— Provided records —
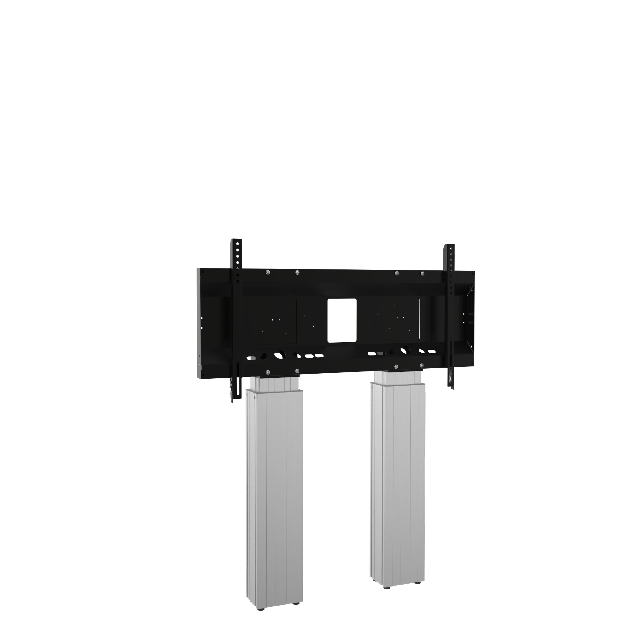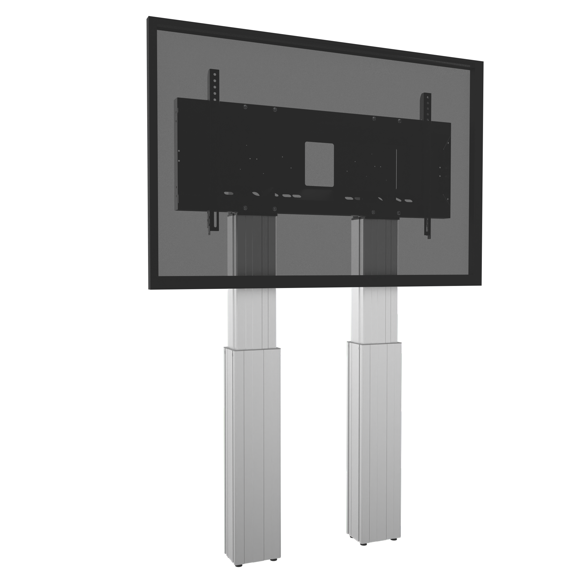 Elektrisch in hoogte verstelbare TV standaard; monitor muurbeugel met XL-beeldschermbeugel. Speciaal ontwikkeld voor montage van zware touchscreens. De gemotoriseerde, in hoogte verstelbare monitor muurbeugel is voorzien van een extra breed frame voor display montage. Het systeem wordt geleverd met twee gemakkelijk telescopische Conen Mounts mastkolommen en is 50 cm in hoogte verstelbaar. Het product is verdeeld in 3 pakketten. Elk van de pakketten is geschikt voor koeriersdiensten.
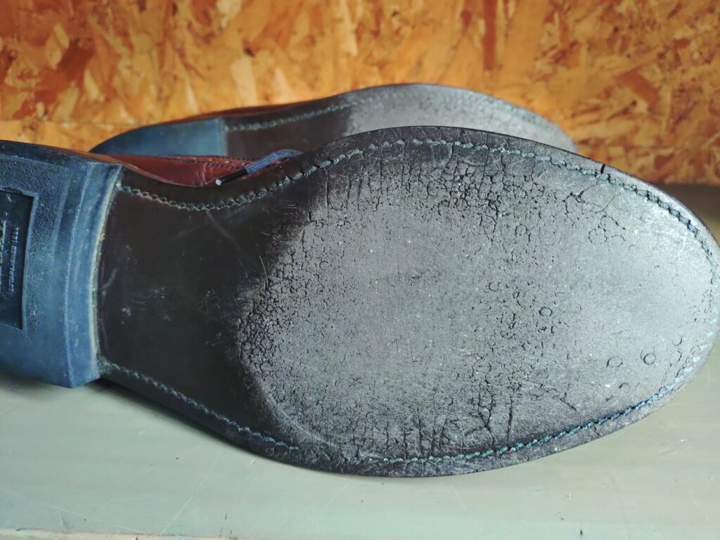 CRADLEさん、こんにちは。今回、中古で購入した靴のソールについて相談があります。販売サイトの画像ではわからなかったのですが、ソールに細かいスジがたくさん入っていて、今にも割れそうです。革の状態がいいので、しっかりと修理して履きたいと考えています。よろしくお願いいたします。
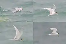 The Peruvian tern is a very small species with a length of about 24 cm (9.4 in).[2] The upper half of the head and neck are black, and the remaining part of the head is white. The back, wings and tail are grey, the throat, chin and breast are white, and the chest, belly and flanks are pale grey. The under tail-coverts are white. The bill is yellow with a black tip, the irises are brown and the legs are yellowish. The pale grey underparts differentiate it from other small terns. It has a very rapid and characteristic wingbeat. The call is a shrill "kik" and a harsh "gree", and it also utters a descending series of "kee-ee-eer" notes.[2]
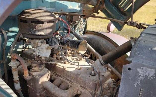 By 1948, REO was using its Gold Crown 245 cu. in. flathead six-cylinder engine, good for about 89 hp, backed by a Warner T97 four-speed manual with granny gear. Top speed was around 40-45 mph, depending on the rear axle. This one is a dually. It hasn’t run in a while, though the motor turns. The tires will hold air for a short time – maybe not long enough to unload the truck after hauling it home. Might be best to source new rubber right away.
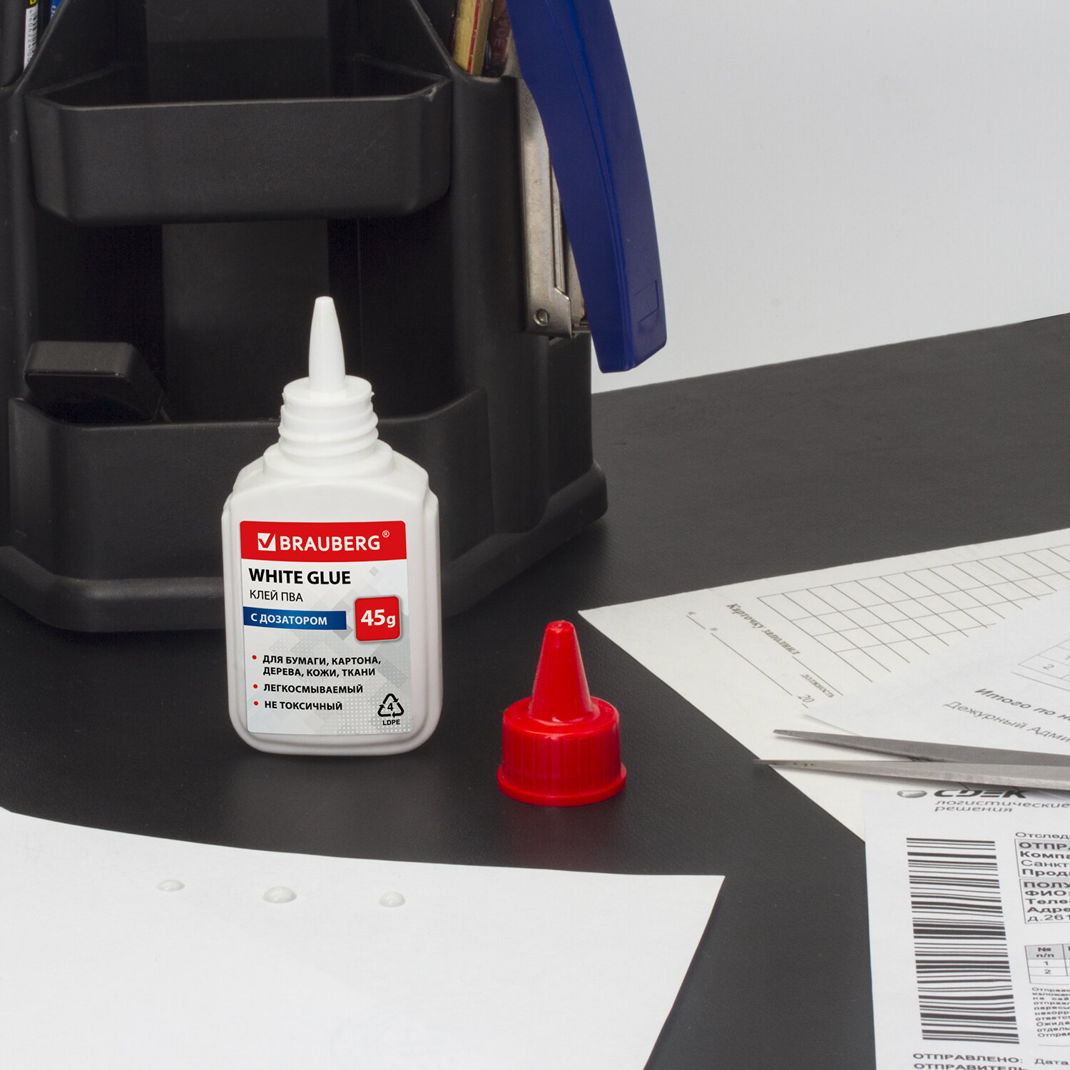 Пластиковый дозатор обеспечивает точное и равномерное нанесение. Обладает устойчивостью к морозу, не токсичен. Наносится тонким слоем, обеспечивая быстрое схватывание поверхностей, а также экономичное расходование. Съемный колпачок предохраняет клей от засыхания. Необходимо взболтать перед применением. Клей ПВА КОМПЛЕКТ 10 штук х 45 г (бумага, картон, дерево), ВЫГОДНАЯ УПАКОВКА, BRAUBERG, 270433, 93
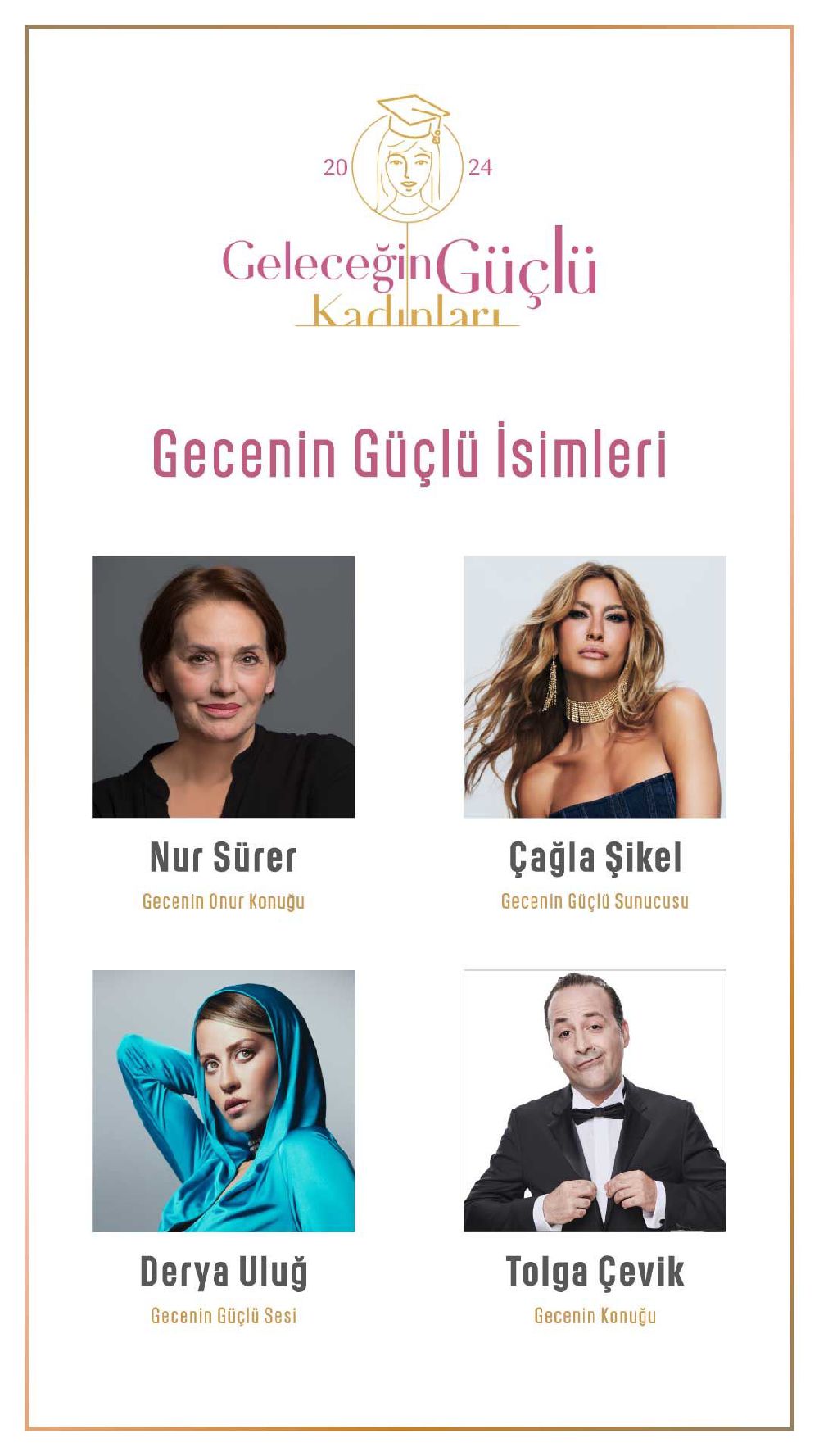 Gecenin sunuculuğunu Çağla Şikel üstlenirken, bu özel gece için üretilen tasarımlar Tolga Çevik tarafından açık artırma ile satışa sunulacak. Elde edilen gelir Toplum Gönüllüleri burs fonuna aktarılacak ve yüzlerce genç kadına umut ışığı olacak.
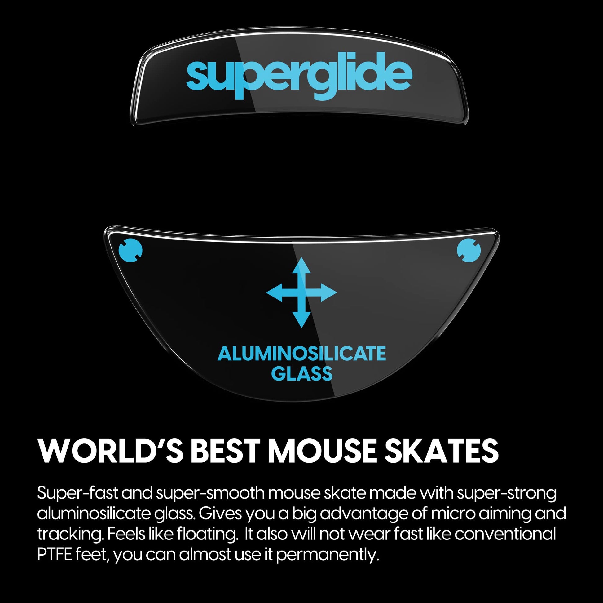 - Q: What are the main features of the Superglide mouse feet? A: The Superglide mouse feet are made with aluminosilicate glass, providing super fast and smooth gliding. They feature a flawlessly polished round edge for a seamless glide, are built for durability with tempered glass that resists wear, and are designed for eSports grade accuracy.

— Goal of the exercise —
Look through the listing above for the line with "CRADLEさん、こんにちは" and the line with "The Peruvian tern". Write out exactly those lines and everything between, leaving out pictures.

— Answer box —
 CRADLEさん、こんにちは。今回、中古で購入した靴のソールについて相談があります。販売サイトの画像ではわからなかったのですが、ソールに細かいスジがたくさん入っていて、今にも割れそうです。革の状態がいいので、しっかりと修理して履きたいと考えています。よろしくお願いいたします。
 The Peruvian tern is a very small species with a length of about 24 cm (9.4 in).[2] The upper half of the head and neck are black, and the remaining part of the head is white. The back, wings and tail are grey, the throat, chin and breast are white, and the chest, belly and flanks are pale grey. The under tail-coverts are white. The bill is yellow with a black tip, the irises are brown and the legs are yellowish. The pale grey underparts differentiate it from other small terns. It has a very rapid and characteristic wingbeat. The call is a shrill "kik" and a harsh "gree", and it also utters a descending series of "kee-ee-eer" notes.[2]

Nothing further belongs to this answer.